Hi @showuon thanks for your review!
Pooling heap buffers would reduce allocation frequency but doesn't eliminate GC pressure. In G1GC, objects >32MB (half region size) are "humongous" and skip young generation entirely—they go straight to old gen. Even with pooling, these buffers:

Get scanned during every GC cycle (even if reused)
Contribute to heap occupancy that triggers GC
Can only be collected in expensive mixed/full GCs.

In tiered storage, maxBytes can reach 55MB+ based on replica.fetch.max.bytes and replica.fetch.response.max.bytes. With a 4GB heap at IHOP=35%, just ~25 concurrent fetches (25 × 55MB = 1.375GB) trigger old GC.

Direct buffers move the data off-heap entirely into native memory where GC doesn't see it. We also get zero-copy I/O since the data is already in native memory for socket writes.

To share some test results
Heap buffers: Direct buffers:

GC every ~100ms - GC every 30-40s
1.1-1.3GB after GC - 325MB after GC
546-689 humongous - ~270 humongous (50% reduction)
regions regions

I will remove the metrics changes from this PR so we can focus on the buffer pool implementation.

nandini12396 · 2025-12-15T13:21:21Z

I've updated the PR without the metrics changes to focus on fixing the issue. Please could you take a look and review. Thank you!

kamalcph

Default consumer configs are max.partition.fetch.bytes = 1 MB and fetch.max.bytes = 50 MB. And, if the size of the messages in the topic are ~1 MB, then the heap buffer size of 1 MB might be fine for those cases.

We may have to provide another config to use either direct / heap buffer when enabling the buffer pool. Since using direct buffer might create page faults, and potentially impact the produce latencies.

Thanks for the patch!

kamalcph · 2025-12-16T13:40:57Z

storage/src/main/java/org/apache/kafka/server/log/remote/storage/RemoteLogManagerConfig.java

                        MEDIUM,
-                        REMOTE_LIST_OFFSETS_REQUEST_TIMEOUT_MS_DOC);
+                        REMOTE_LIST_OFFSETS_REQUEST_TIMEOUT_MS_DOC)
+                .define(REMOTE_LOG_DIRECT_BUFFER_POOL_ENABLED_PROP,


could you mark the config as internal until the KIP gets approved?

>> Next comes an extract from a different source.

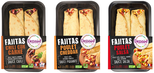 Sur le dynamique marché des produits Tex-Mex, Dessaint Traiteur propose une alternative aux produits existants aux rayons épicerie salée (kits) et surgelés, avec des fajitas garnies, au rayon frais (traiteur LS). Ces trois recettes, inspirées de la tradition mexicaine, sont présentées dans un emballage malin, permettant de les réchauffer en 2 minutes au micro-ondes.
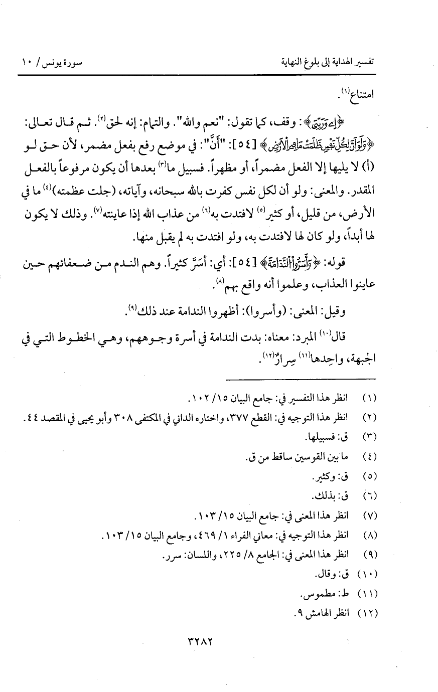 {إِي وربي}: وقف، كما تقول: " نعم والله ". والتمام: إنه لحق. ثم قال تعالى: {وَلَوْ أَنَّ لِكُلِّ نَفْسٍ ظَلَمَتْ مَا فِي الأرض}: " أَنَّ ": في موضع رفع فعل مضمر، لأن حق لو (أ) لا يليها إلا الفعل مضمراً، أو مظهراً. فسبيل ما بعدها أن يكون مرفوعاً بالفعل المقدر. والمعنى: ولو أن لكل نفس كفرت بالله سبحانه، وآياته، (جلت عظمته) ما في الأرض، من قليل، أو كثير لافتدت به من عذاب الله إذا عاينته. وذلك لا يكون لها أبداً، ولو كان لها لافتدت به، ولو افتدت به لم يقبل منها.

.define -> .defineInternal

clients/src/main/java/org/apache/kafka/common/record/RemoteLogInputStream.java

…ect memory buffers This change addresses high GC pressure by allocating tiered storage fetch buffers in direct (off-heap) memory instead of the JVM heap. When direct memory is exhausted, the system gracefully falls back to heap allocation with a warning. Problem: During tiered storage reads, heap-allocated buffers bypass young generation and go directly to old generation (humongous allocations). Under high read load, these accumulate rapidly and trigger frequent, expensive G1 Old Generation collections causing significant GC pause times. Solution: - Introduced DirectBufferPool that pools direct buffers using WeakReferences, allowing GC to reclaim buffers under memory pressure - Modified RemoteLogInputStream to use pooled direct buffers instead of per-request heap allocation - Graceful fallback to heap allocation when direct memory is exhausted

github-actions bot added triage PRs from the community storage Pull requests that target the storage module tiered-storage Related to the Tiered Storage feature clients labels Dec 7, 2025

showuon reviewed Dec 10, 2025

View reviewed changes

github-actions bot removed the triage PRs from the community label Dec 11, 2025

nandini12396 force-pushed the KAFKA-19967-reduce-gc-tiered-storage-direct-memory branch from 9a49d38 to d2592f2 Compare December 15, 2025 13:20

kamalcph reviewed Dec 16, 2025

View reviewed changes

nandini12396 force-pushed the KAFKA-19967-reduce-gc-tiered-storage-direct-memory branch from d2592f2 to 6da88aa Compare December 16, 2025 22:06

nandini12396 force-pushed the KAFKA-19967-reduce-gc-tiered-storage-direct-memory branch from 6da88aa to 343a450 Compare December 16, 2025 22:40

Provide feedback

Saved searches

Use saved searches to filter your results more quickly

Uh oh!

KAFKA-19967: Reduce GC pressure in tiered storage read path using direct memory buffers #21102

KAFKA-19967: Reduce GC pressure in tiered storage read path using direct memory buffers #21102

Uh oh!

nandini12396 commented Dec 7, 2025

Uh oh!

apoorvmittal10 commented Dec 8, 2025

Uh oh!

showuon left a comment

Uh oh!

nandini12396 commented Dec 11, 2025 •

edited

Loading

Uh oh!

nandini12396 commented Dec 15, 2025

Uh oh!

kamalcph left a comment

Uh oh!

kamalcph Dec 16, 2025

Uh oh!

nandini12396 Dec 16, 2025

Uh oh!

Uh oh!

Reviewers

Assignees

Labels

Projects

Milestone

Development

Uh oh!

4 participants

KAFKA-19967: Reduce GC pressure in tiered storage read path using direct memory buffers #21102

Are you sure you want to change the base?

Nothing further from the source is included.